![](/media/fu1advem/how_does_that_work.jpg?width=1000&height=600&format=webp&rnd=133419550619530000)
How does that work? - Eddy-current braking
© Knorr-Bremse
At speeds above 350km/h conventional train brakes, which rely on friction, cannot stop a train within an acceptably short distance. With increasingly longer, heavier and faster trains being introduced, braking has become a major technical problem requiring a novel solution.
The breakthrough: In recent years French, German and Japanese rail engineers have developed eddy-current braking, a wear-free system that bypasses the practical problems of wheel-to-rail adhesion, such as skidding.
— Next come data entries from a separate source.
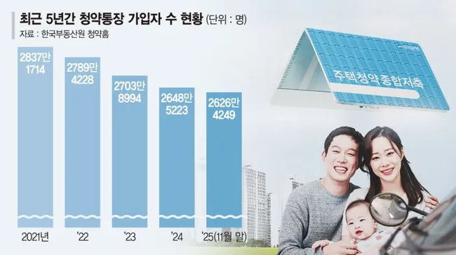 청약통장 가입자가 지난해 11월 말 기준 2626만명으로 전년 대비 22만명 이상 감소했다. 2021년 고점 대비 210만명이 이탈했으며, 특히 당첨 가능성이 높은 1순위 가입자마저 매년 50만명 이상 빠져나가고 있다.
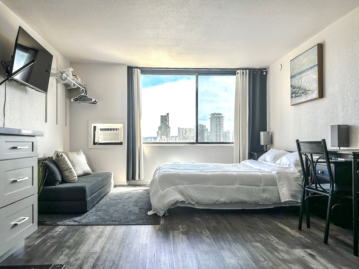 Studjo mġedded li jinsab fiċ-ċentru ġewwa Waikiki, turġien mill-ikel, mix-xiri u mixja qasira sal-bajja. Mgħammar b' sodda qies queen, sedil tal-imħabba u spazju apposta għax-xogħol. Spazju għall-parkeġġ bla ħlas inkluż f' garaxx mgħotti. IL-WIFI, l-ismart TV, l-arja kkundizzjonata, Keurig, il-banju fil-fond u t-toilet bidet Ġappuniż huma xi kumditajiet mill-aqwa. Lanai b' postijiet bilqiegħda u veduta. Dan l-ispazju maħsub biex jgħix fit-tul, huwa ideali għal żjarat qosra jew twal.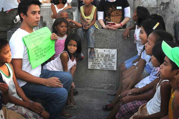 (墓地に暮らす子どもたちに衛生について教えるストリートエデュケーター)
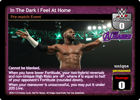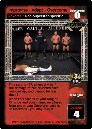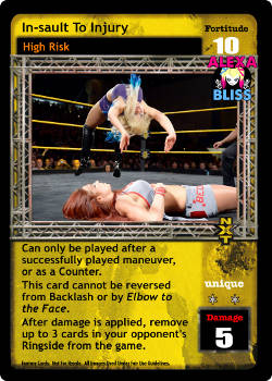 This card is +#F, where # = half the damage of the reversed card, rounded up, and cannot be less than 5. When this card is in your Ring or Ringside and your maneuver played from under your Superstar is unsuccessful, you may Bury it.
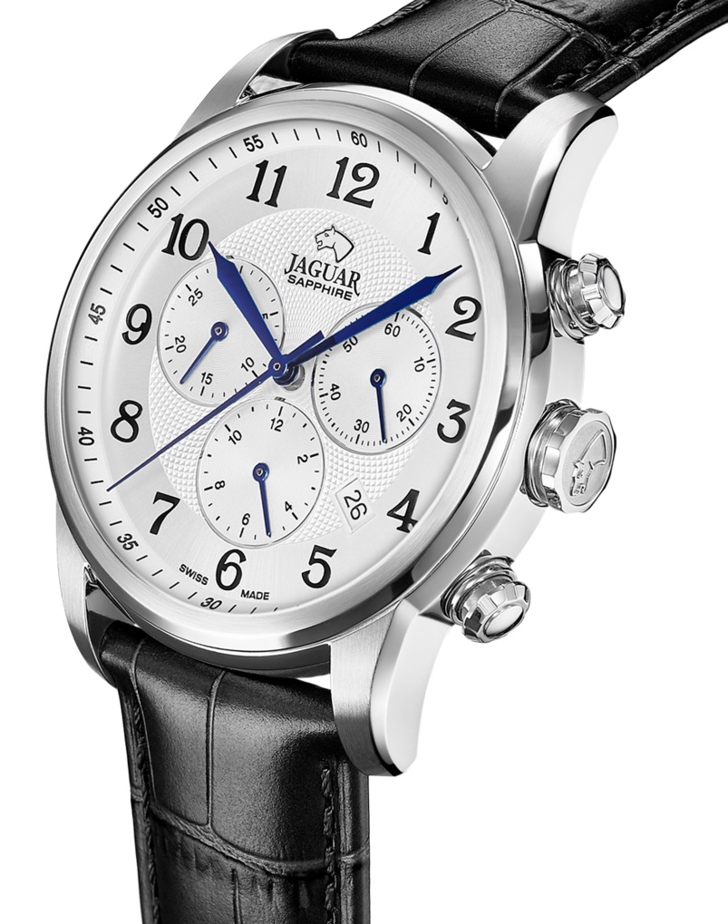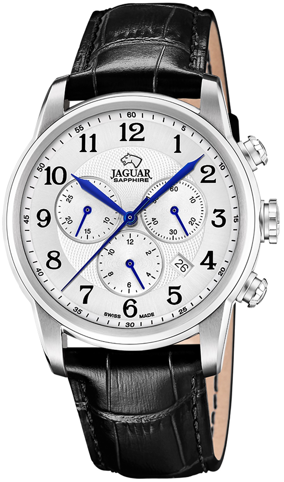 Jaguar Acamar J968/7 jsou pánské sportovně-elegantní bateriové hodinky na černém koženém řemínku s trnovou sponou. Pouzdro z nerezové oceli má průměr 42 milimetrů. Stříbrný texturovaný číselník se stopkami a indikací data je chráněn odolným safírovým sklem. Pohon hodinek zajišťuje švýcarský quartzový strojek Ronda 5030D. S vodotěsností 5 ATM jsou hodinky odolné proti dešti a při sprchování.

Eddy-currents are a characteristic of Lenz’s law published in 1834. Russian physicist Heinrich Lenz determined that an induced current always has a direction where its magnetic field opposes the magnetic field causing the current flow. Eddy-currents develop secondary flux that cancels part of the external flux. These currents are capable of creating heat-producing resistance as the eddy-currents circulate in the rail directly below the coils. This produces a brake force opposing the direction of movement, powerful enough to slow a high-speed train.
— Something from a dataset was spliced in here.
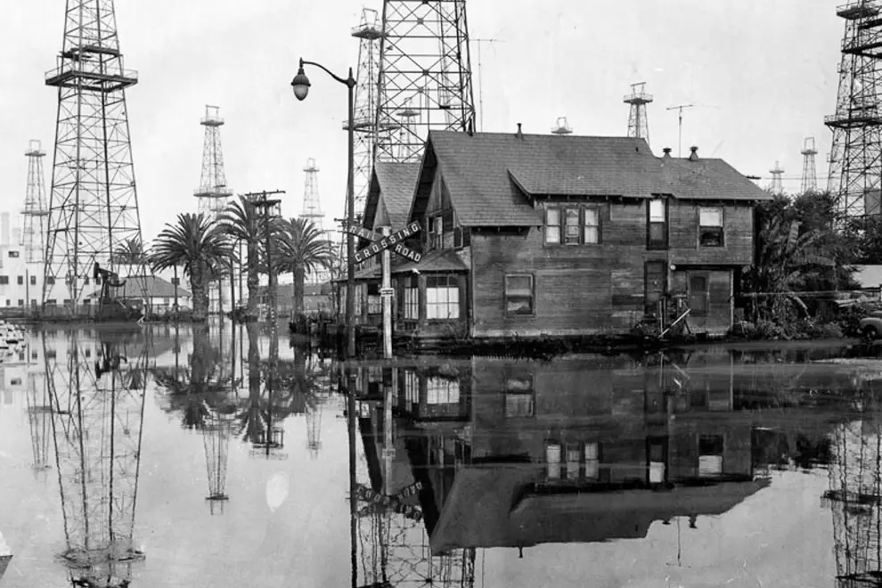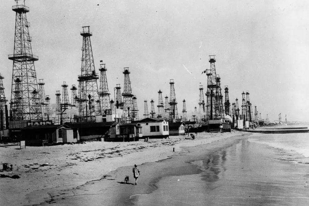 Take a walk through Cali's oil-soaked history below, and see images of Downtown LA, Huntington Beach, Long Beach and Venice Beach from the past 150 years; all infested with the towers and machinery that enabled California to become one of America's wealthiest states.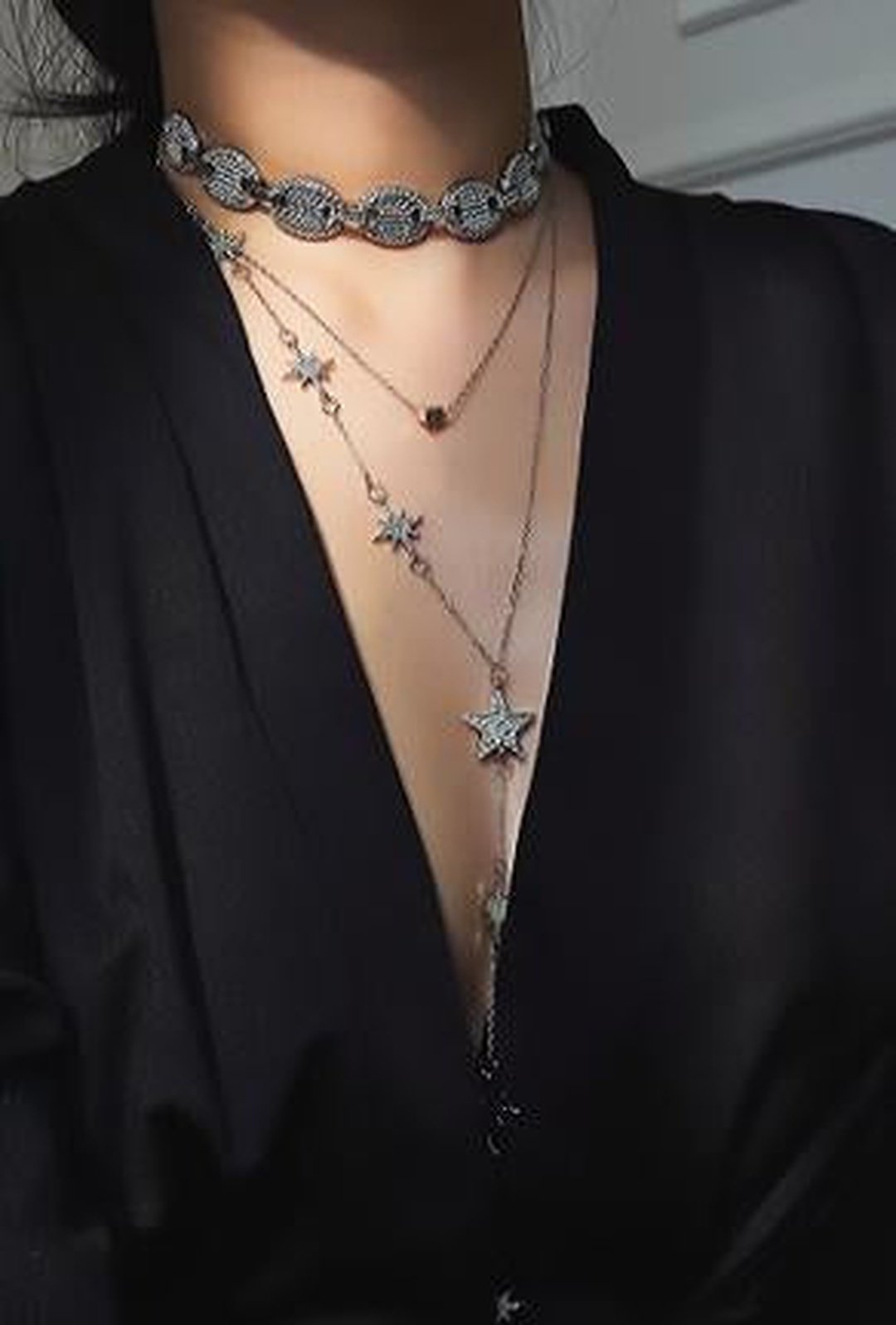 * Girocollo in strass con strass e strati di moda senza collo a tre pezzi

Today, train operators are using Lenz’s law to great effect. In Germany’s latest ICE3 trains, bogies carry two 1540mm-long magnets with eight coils. In braking, the magnets are lowered to just 7mm above the rail-head. The energised coils induce an opposite magnetic force which acts against the motion of the train, giving a powerful and almost constant deceleration down to 50km/h when conventional brakes take over.